• Work required:
Please output exactly the part of the records below that opens with the line containing "6 Pcs Christmas" and closes with the line containing "Toy theatre scenery", both lines included, and nothing else.

• Data supplied:
+ + +
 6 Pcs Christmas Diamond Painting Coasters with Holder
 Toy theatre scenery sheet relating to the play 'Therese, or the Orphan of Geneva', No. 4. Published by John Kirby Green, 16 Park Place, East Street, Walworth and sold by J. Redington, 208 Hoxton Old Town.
+ + +
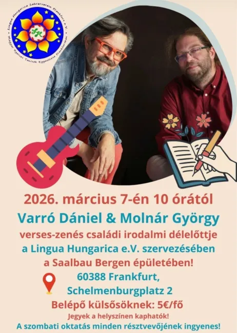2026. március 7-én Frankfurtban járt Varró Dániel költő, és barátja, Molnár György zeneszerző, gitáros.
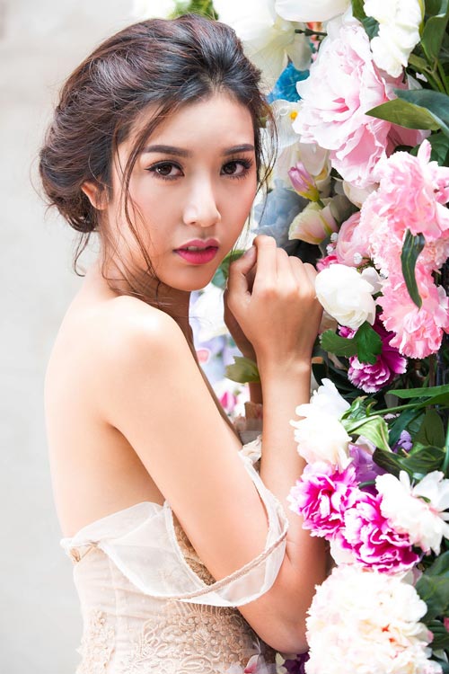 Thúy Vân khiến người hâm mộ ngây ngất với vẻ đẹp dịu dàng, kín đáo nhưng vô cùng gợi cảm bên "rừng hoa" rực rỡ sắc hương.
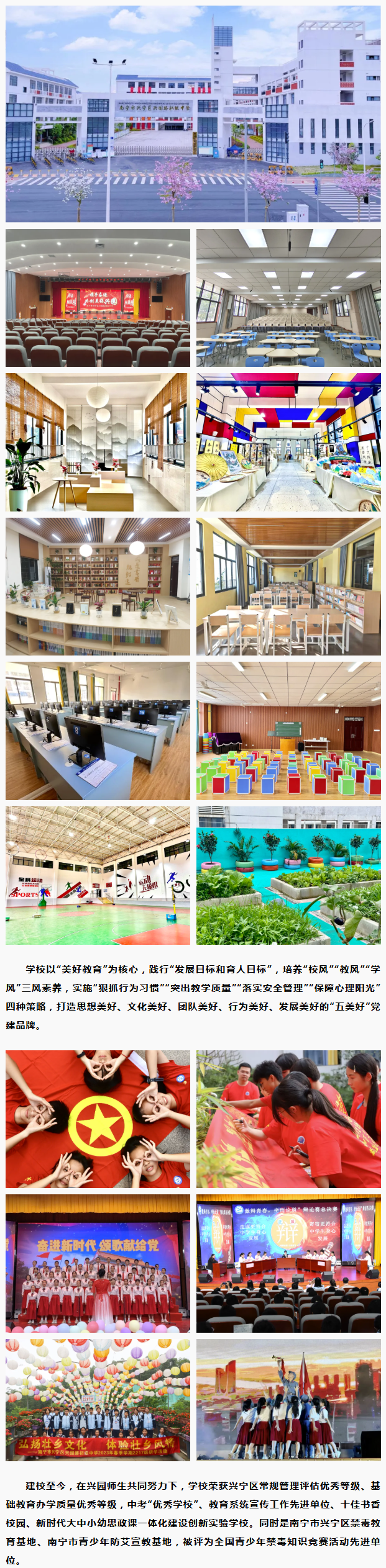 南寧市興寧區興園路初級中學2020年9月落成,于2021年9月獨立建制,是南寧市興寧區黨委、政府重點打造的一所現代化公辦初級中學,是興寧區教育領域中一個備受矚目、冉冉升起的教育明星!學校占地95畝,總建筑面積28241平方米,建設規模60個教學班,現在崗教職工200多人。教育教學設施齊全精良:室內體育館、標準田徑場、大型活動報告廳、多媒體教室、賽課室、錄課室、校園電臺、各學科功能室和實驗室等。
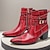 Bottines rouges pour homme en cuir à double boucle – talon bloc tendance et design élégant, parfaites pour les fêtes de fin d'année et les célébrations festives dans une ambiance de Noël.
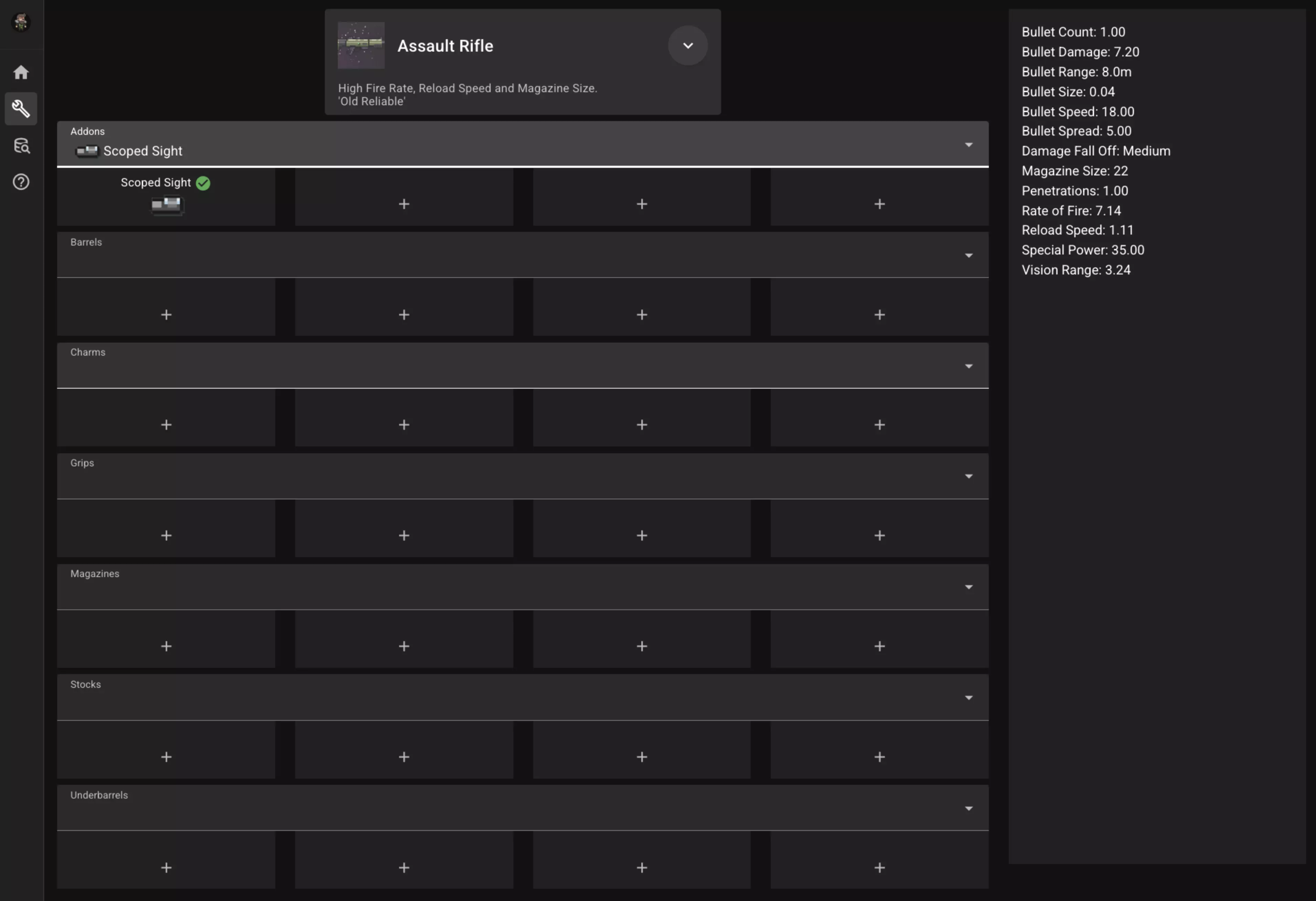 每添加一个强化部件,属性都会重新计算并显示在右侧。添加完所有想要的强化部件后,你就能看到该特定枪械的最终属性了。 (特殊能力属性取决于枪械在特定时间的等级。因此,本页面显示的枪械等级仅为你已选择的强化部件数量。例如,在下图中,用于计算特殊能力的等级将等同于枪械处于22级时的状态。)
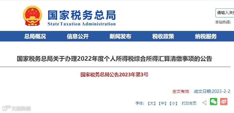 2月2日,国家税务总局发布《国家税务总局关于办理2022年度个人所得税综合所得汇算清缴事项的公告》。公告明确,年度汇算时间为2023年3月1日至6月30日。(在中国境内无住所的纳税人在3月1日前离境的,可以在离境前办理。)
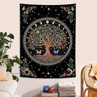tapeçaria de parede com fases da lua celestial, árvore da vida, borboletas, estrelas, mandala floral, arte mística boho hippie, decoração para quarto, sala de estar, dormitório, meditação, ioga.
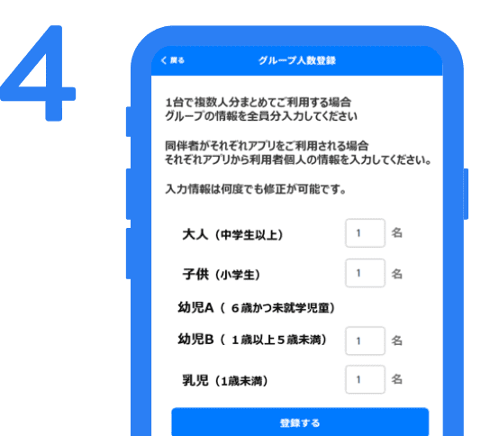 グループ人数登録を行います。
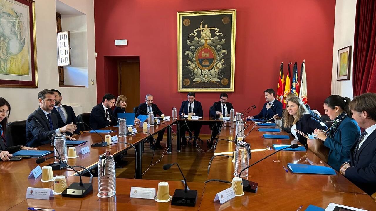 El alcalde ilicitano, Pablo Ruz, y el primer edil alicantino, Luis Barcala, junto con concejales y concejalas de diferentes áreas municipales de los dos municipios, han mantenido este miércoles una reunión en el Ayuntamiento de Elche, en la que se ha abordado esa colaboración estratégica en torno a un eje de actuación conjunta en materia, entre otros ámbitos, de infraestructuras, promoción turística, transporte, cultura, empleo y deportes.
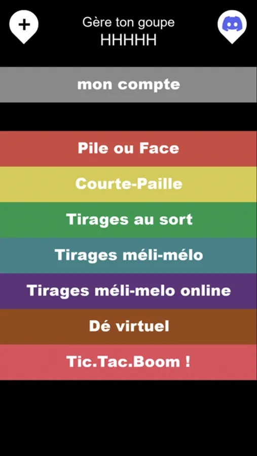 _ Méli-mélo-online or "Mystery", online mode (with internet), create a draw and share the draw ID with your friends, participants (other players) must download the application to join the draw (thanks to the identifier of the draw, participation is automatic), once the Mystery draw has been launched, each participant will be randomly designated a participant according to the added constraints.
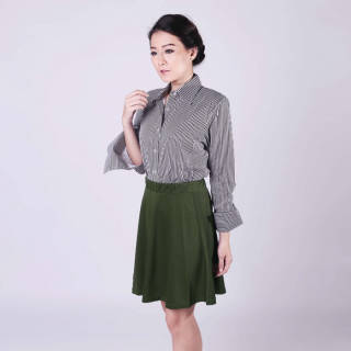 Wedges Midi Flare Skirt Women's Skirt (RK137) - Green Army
+ + +
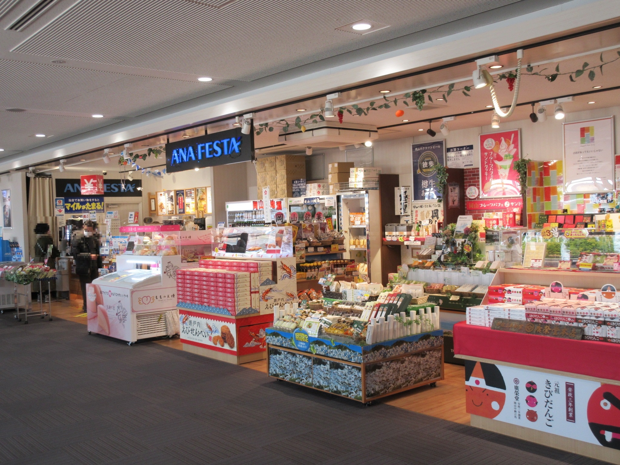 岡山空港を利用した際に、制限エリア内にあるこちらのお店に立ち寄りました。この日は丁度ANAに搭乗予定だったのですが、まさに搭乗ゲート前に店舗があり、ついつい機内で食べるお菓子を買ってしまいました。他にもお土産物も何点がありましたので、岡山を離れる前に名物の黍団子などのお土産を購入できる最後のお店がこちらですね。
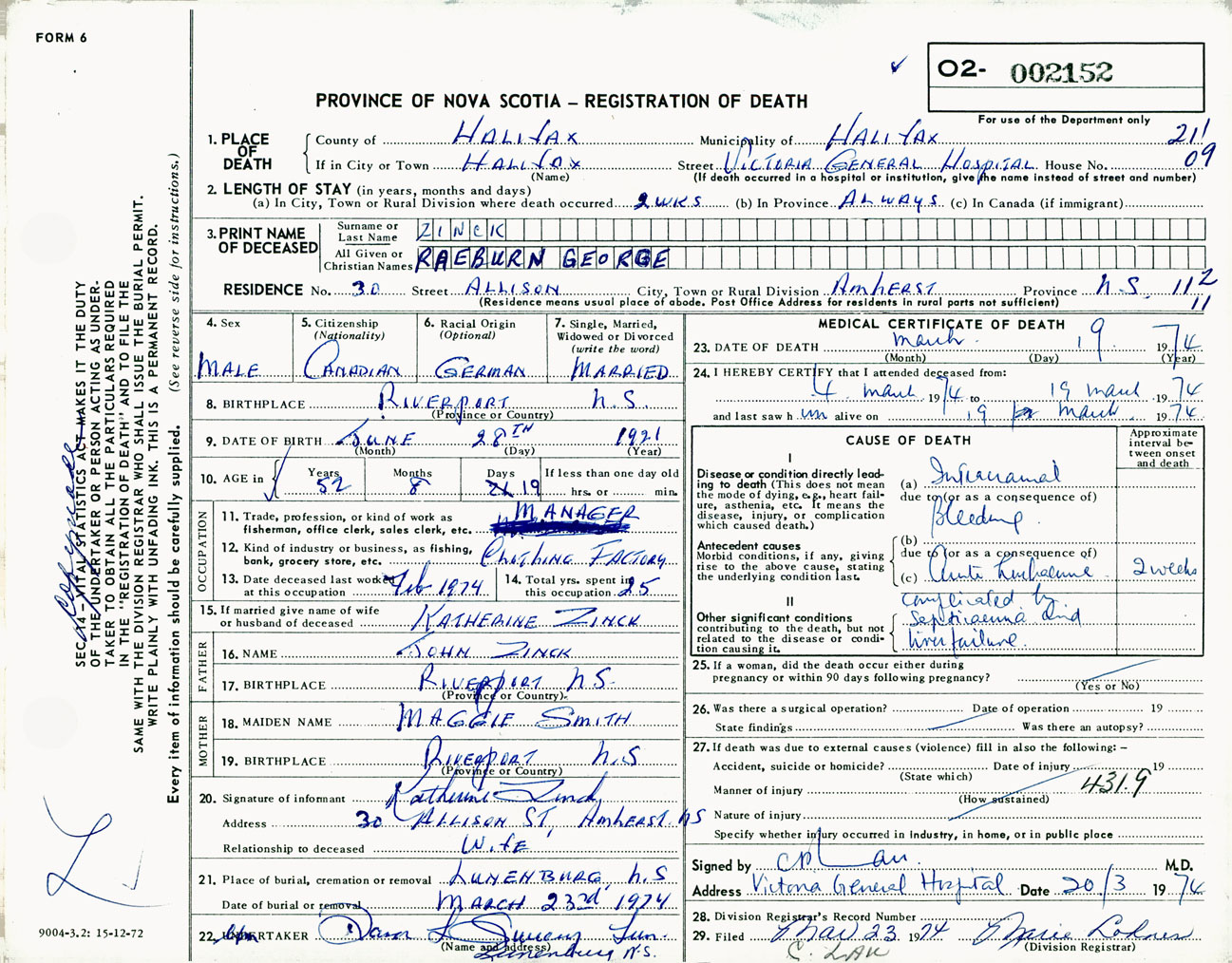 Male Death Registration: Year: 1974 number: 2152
+ + +
• Output for this exercise:
 6 Pcs Christmas Diamond Painting Coasters with Holder
 Toy theatre scenery sheet relating to the play 'Therese, or the Orphan of Geneva', No. 4. Published by John Kirby Green, 16 Park Place, East Street, Walworth and sold by J. Redington, 208 Hoxton Old Town.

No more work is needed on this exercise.